Work item ->
Every line below must come back exactly as it stands, with the images omitted.

Provided data ->
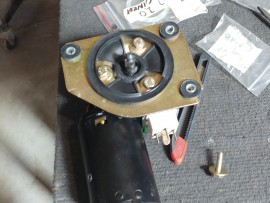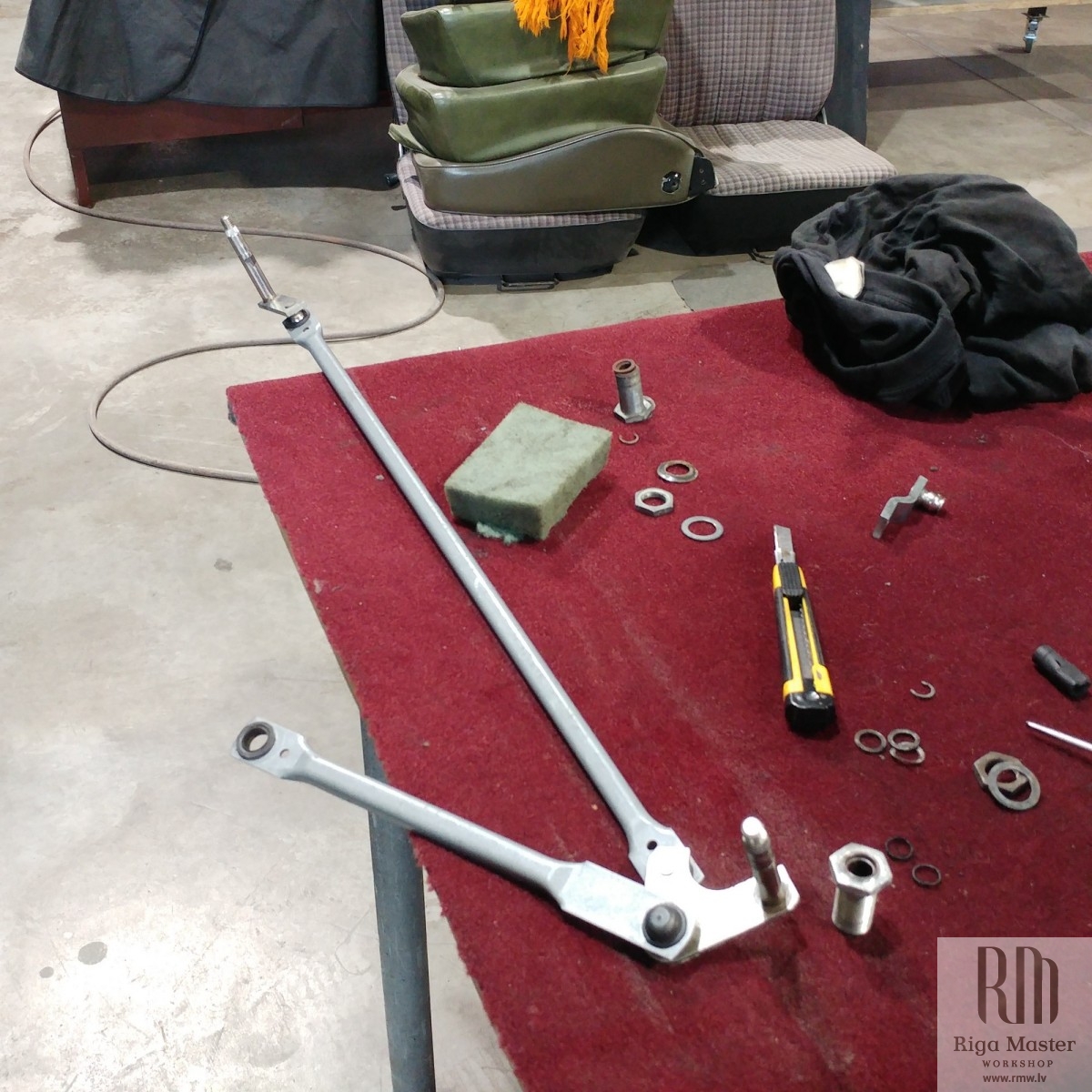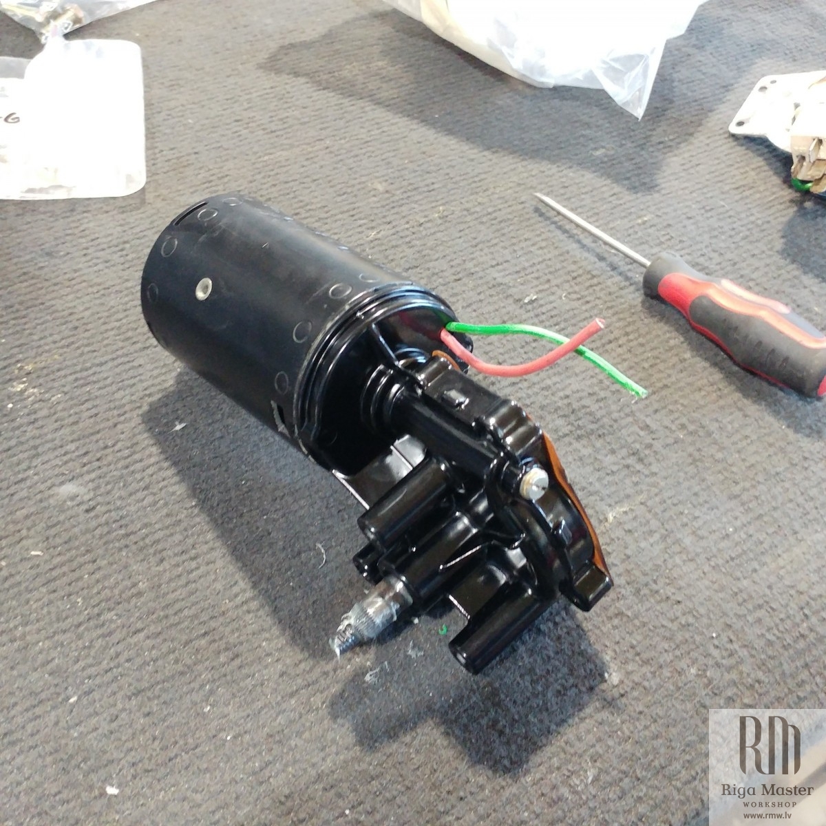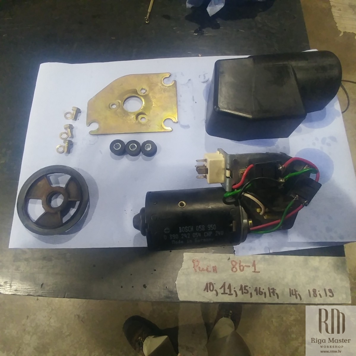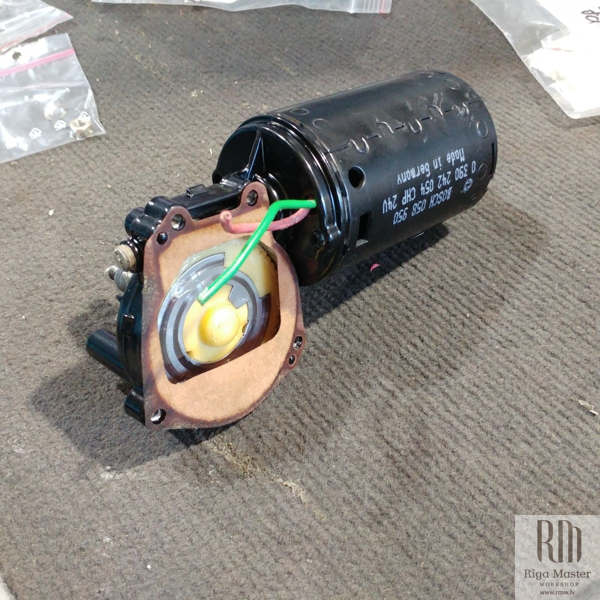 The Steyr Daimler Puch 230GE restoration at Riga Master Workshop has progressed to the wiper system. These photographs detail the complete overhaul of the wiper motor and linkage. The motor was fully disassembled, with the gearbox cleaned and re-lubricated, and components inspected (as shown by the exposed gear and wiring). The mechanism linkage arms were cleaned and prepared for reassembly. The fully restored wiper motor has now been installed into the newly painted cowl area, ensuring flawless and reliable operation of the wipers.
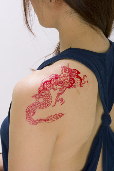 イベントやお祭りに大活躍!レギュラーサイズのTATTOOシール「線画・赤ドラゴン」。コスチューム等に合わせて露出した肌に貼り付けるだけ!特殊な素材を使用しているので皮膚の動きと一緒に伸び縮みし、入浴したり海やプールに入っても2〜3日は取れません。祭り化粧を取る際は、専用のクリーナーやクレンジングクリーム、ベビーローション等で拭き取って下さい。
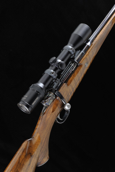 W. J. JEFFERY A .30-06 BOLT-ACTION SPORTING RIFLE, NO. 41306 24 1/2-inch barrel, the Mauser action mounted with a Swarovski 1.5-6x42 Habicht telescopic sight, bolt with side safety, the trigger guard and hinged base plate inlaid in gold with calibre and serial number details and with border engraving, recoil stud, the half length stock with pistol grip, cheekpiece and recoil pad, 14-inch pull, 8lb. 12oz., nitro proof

Solution to this problem ->
 The Steyr Daimler Puch 230GE restoration at Riga Master Workshop has progressed to the wiper system. These photographs detail the complete overhaul of the wiper motor and linkage. The motor was fully disassembled, with the gearbox cleaned and re-lubricated, and components inspected (as shown by the exposed gear and wiring). The mechanism linkage arms were cleaned and prepared for reassembly. The fully restored wiper motor has now been installed into the newly painted cowl area, ensuring flawless and reliable operation of the wipers.
 イベントやお祭りに大活躍!レギュラーサイズのTATTOOシール「線画・赤ドラゴン」。コスチューム等に合わせて露出した肌に貼り付けるだけ!特殊な素材を使用しているので皮膚の動きと一緒に伸び縮みし、入浴したり海やプールに入っても2〜3日は取れません。祭り化粧を取る際は、専用のクリーナーやクレンジングクリーム、ベビーローション等で拭き取って下さい。
 W. J. JEFFERY A .30-06 BOLT-ACTION SPORTING RIFLE, NO. 41306 24 1/2-inch barrel, the Mauser action mounted with a Swarovski 1.5-6x42 Habicht telescopic sight, bolt with side safety, the trigger guard and hinged base plate inlaid in gold with calibre and serial number details and with border engraving, recoil stud, the half length stock with pistol grip, cheekpiece and recoil pad, 14-inch pull, 8lb. 12oz., nitro proof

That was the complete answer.